──────── PROVIDED MATERIAL ────────

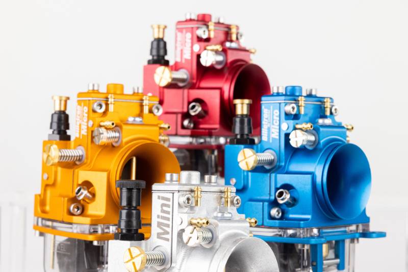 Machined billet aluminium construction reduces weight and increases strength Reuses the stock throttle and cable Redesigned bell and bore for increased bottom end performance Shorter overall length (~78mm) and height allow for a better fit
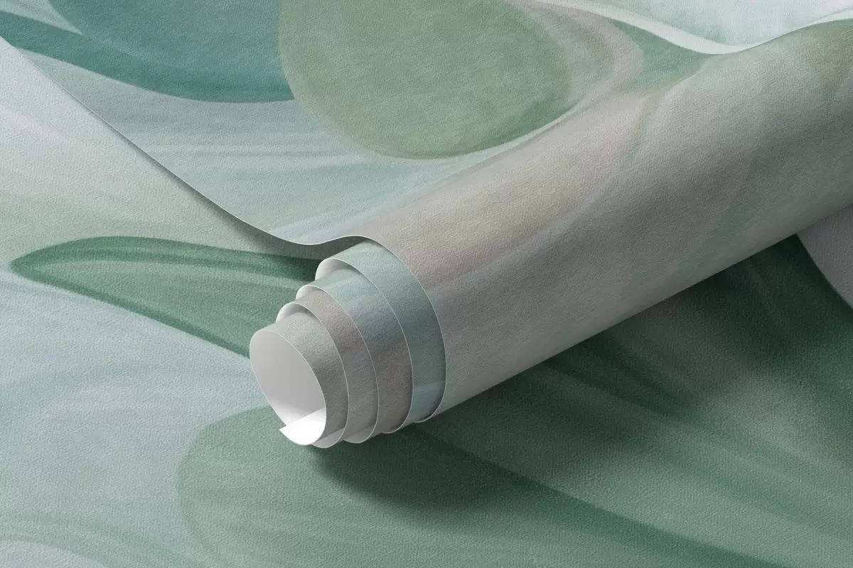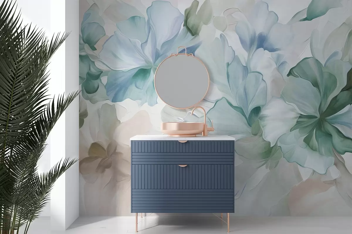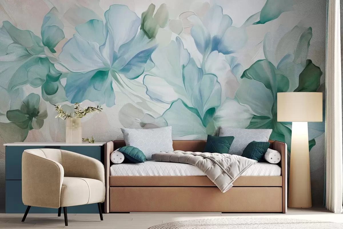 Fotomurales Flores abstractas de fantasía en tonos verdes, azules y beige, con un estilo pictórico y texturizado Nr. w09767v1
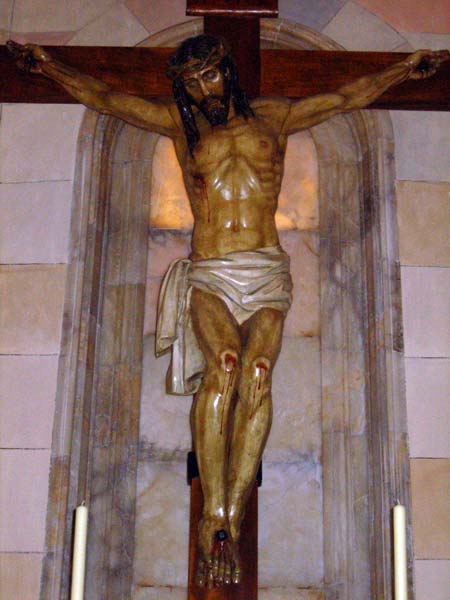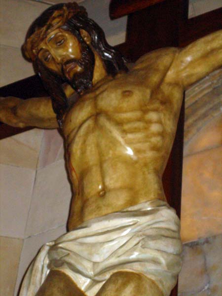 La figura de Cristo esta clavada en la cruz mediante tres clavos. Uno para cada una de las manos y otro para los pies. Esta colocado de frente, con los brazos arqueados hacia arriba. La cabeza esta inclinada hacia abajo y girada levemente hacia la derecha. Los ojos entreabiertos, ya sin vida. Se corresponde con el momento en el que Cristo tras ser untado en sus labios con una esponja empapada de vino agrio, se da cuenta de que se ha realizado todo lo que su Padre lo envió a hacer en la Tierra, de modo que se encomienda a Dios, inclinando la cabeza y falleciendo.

────────

PROBLEM STATEMENT:
Print the full listing above again with exact wording and no images.

EXERCISE SOLUTION:
 Machined billet aluminium construction reduces weight and increases strength Reuses the stock throttle and cable Redesigned bell and bore for increased bottom end performance Shorter overall length (~78mm) and height allow for a better fit
 Fotomurales Flores abstractas de fantasía en tonos verdes, azules y beige, con un estilo pictórico y texturizado Nr. w09767v1
 La figura de Cristo esta clavada en la cruz mediante tres clavos. Uno para cada una de las manos y otro para los pies. Esta colocado de frente, con los brazos arqueados hacia arriba. La cabeza esta inclinada hacia abajo y girada levemente hacia la derecha. Los ojos entreabiertos, ya sin vida. Se corresponde con el momento en el que Cristo tras ser untado en sus labios con una esponja empapada de vino agrio, se da cuenta de que se ha realizado todo lo que su Padre lo envió a hacer en la Tierra, de modo que se encomienda a Dios, inclinando la cabeza y falleciendo.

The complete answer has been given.